Anlotinib is a multi-target receptor tyrosine kinase inhibitor. It can inhibit the angiogenesis related kinase, such as Vascular Endothelial Growth Factor Receptor (VEGFR), Fibroblast Growth Factor Receptor(FGFR), Platelet-Derived Growth Factor Receptor(PDGFR), and tumor cell proliferation related kinase c-Kit kinase. Anlotinib is an efficient second line therapeutic agent in treatment for metastatic soft tissue sarcoma which has been approved in clinical trials (ALTER-0203).Therefore , this study evaluates the safety and efficacy of anlotinib plus epirubicin and ifosfamide treat the metastatic or advanced soft tissue sarcoma .

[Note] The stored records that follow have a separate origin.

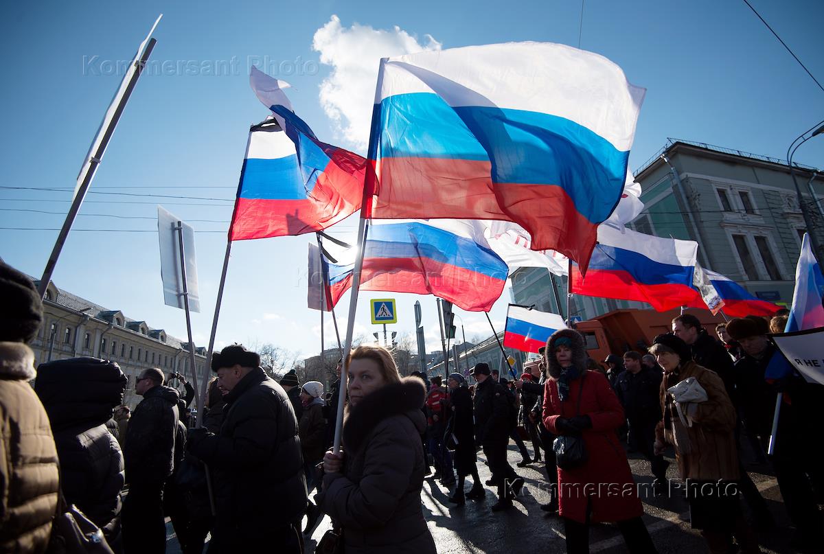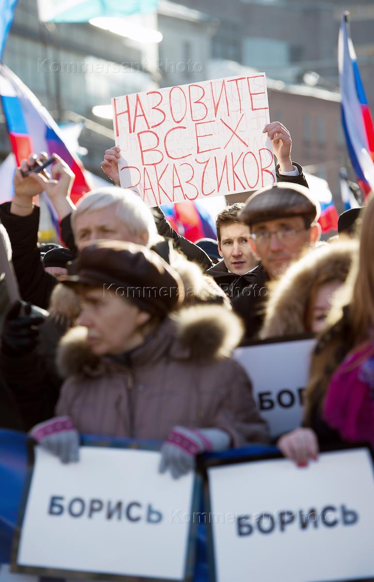 Участники марша памяти, посвященного годовщине убийства политика, общественного деятеля Бориса Немцова, по Бульварному кольцу от Страстного бульвара до Проспекта Сахарова.
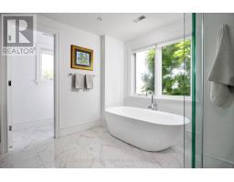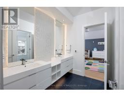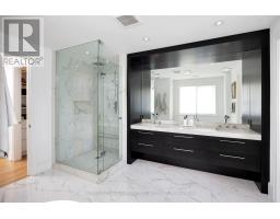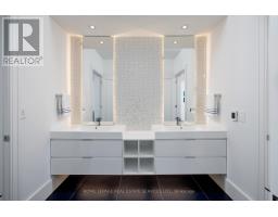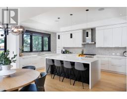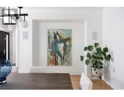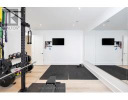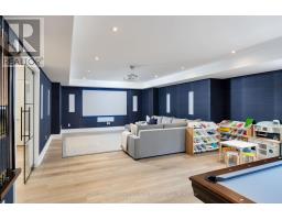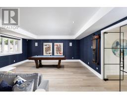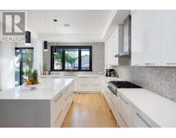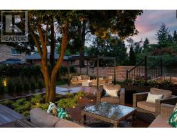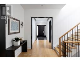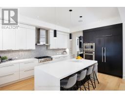 Nestled in one of West Toronto's most sought-after communities, this masterfully custom-crafted estate features 5 bedrooms, 7 bathrooms, and over 6,000 square feet of bespoke living space. As you step through the front entrance, you are welcomed by a grand foyer with seemingly endless sightlines extending through to the backyard, setting the tone for the luxurious experience that awaits. At the heart of the main level lies an incredible kitchen with custom cabinetry, premium Thermador appliances, and a family-sized island. Adjacent to the kitchen, the butler's pantry leads you to the grand dining room, perfect for entertaining. The open-plan kitchen and living area boasts a feature wall with a TV niche, linear gas fireplace, and built-in storage, creating a warm and inviting space for gatherings. Step through the rear garden doors and prepare to be enchanted by the meticulously designed backyard. This outdoor oasis offers multiple areas for al fresco dining, a relaxing retreat by the outdoor fireplace under a custom pergola, and ample space to bask in the sun amidst professionally manicured gardens. It is truly an oasis inspired by luxury hotel gardens. The master suite, located at the rear of the home, features striking vaulted ceilings, a chic 5-piece bathroom, a dressing room, a shoe closet, and a built-in vanity area. The spacious 2nd and 3rd bedrooms share an ensuite bath with a double vanity and separate water closet, while the 4th and 5th bedrooms offer private ensuites, ideal for guests or separate living quarters. The expansive lower level features an open-concept theatre and games room with a 100-inch screen and a 7.1 built-in sound system. Additionally, you'll find a spa-inspired full bathroom, bedroom or den, ample storage areas, laundry room, and a fully equipped mirrored gym/yoga studio. Discover the epitome of luxury living where every detail is designed for comfort, elegance, and style. (id:61594)
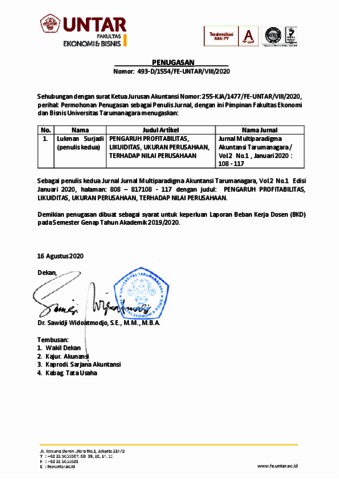 Tandanu, Andrew and Suryadi, Lukman PENGARUH PROFITABILITAS, LIKUIDITAS, UKURAN PERUSAHAAN, TERHADAP NILAI PERUSAHAAN. PENGARUH PROFITABILITAS, LIKUIDITAS, UKURAN PERUSAHAAN, TERHADAP NILAI PERUSAHAAN.
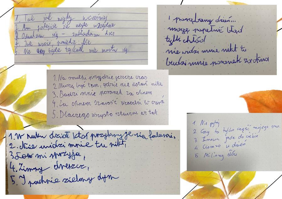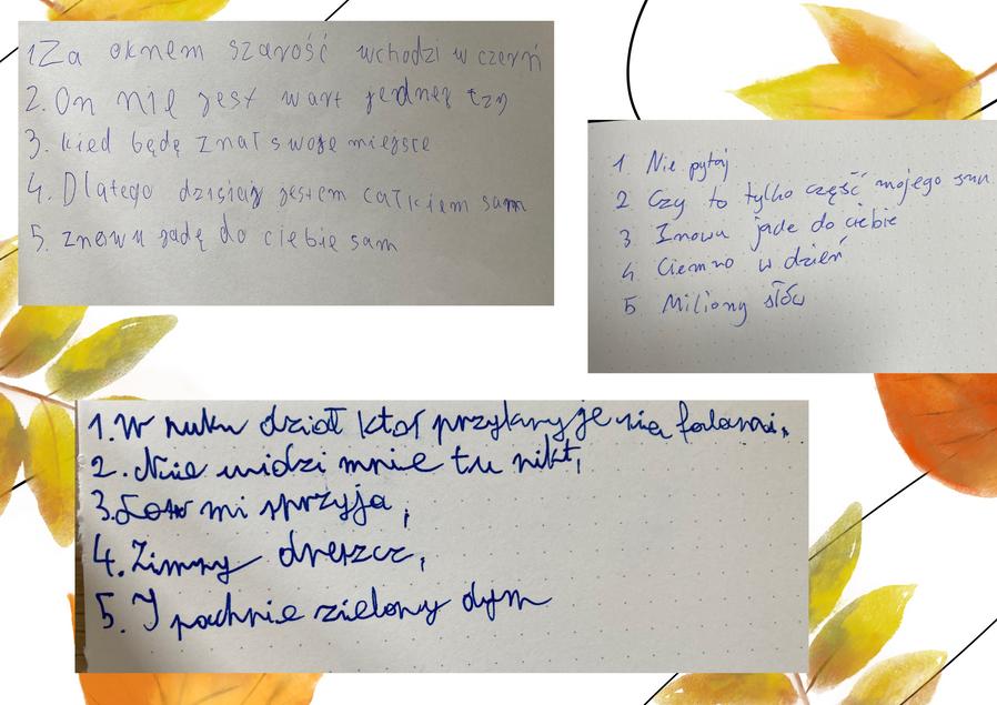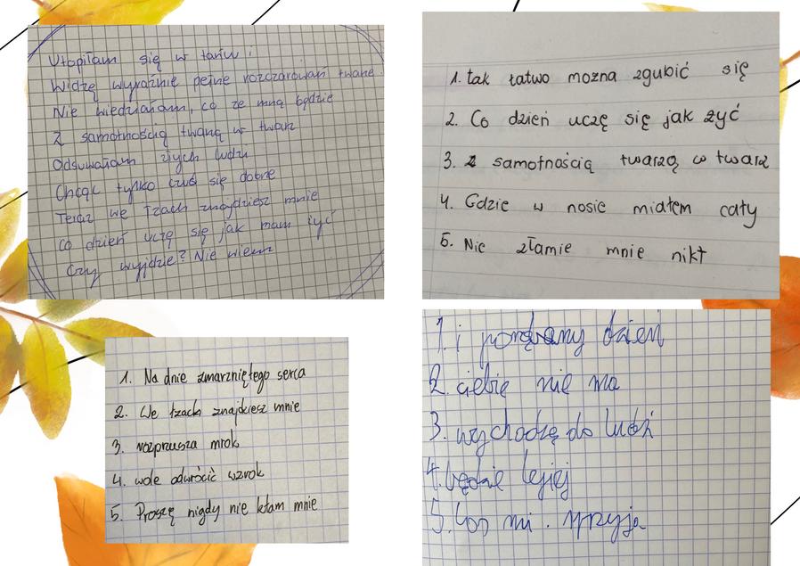 4. Kolejne wersy muszą pochodzić każdorazowo z innego tekstu.

Clinical Trial Description

This study is planned to be carried out in Liaoning, Jilin and Harbin provinces regional multi-center. 47 cases are preliminarily expected to be included. The study started in January 2019 and ended in December 2019. It is expected that the trial will end in December 2020. This study is a phase 2 study evaluating the safety and efficacy anlotinib and plus epirubicin and ifosfamide treat the metastatic or advanced soft tissue sarcoma .

All those participants need to sign informed consent forms for data collection and use for research purpose before inclusion .Those participants who were not treated with anthracyclines or other tyrosinase inhibitors or angiostatins within the first 6 months should be enrolled.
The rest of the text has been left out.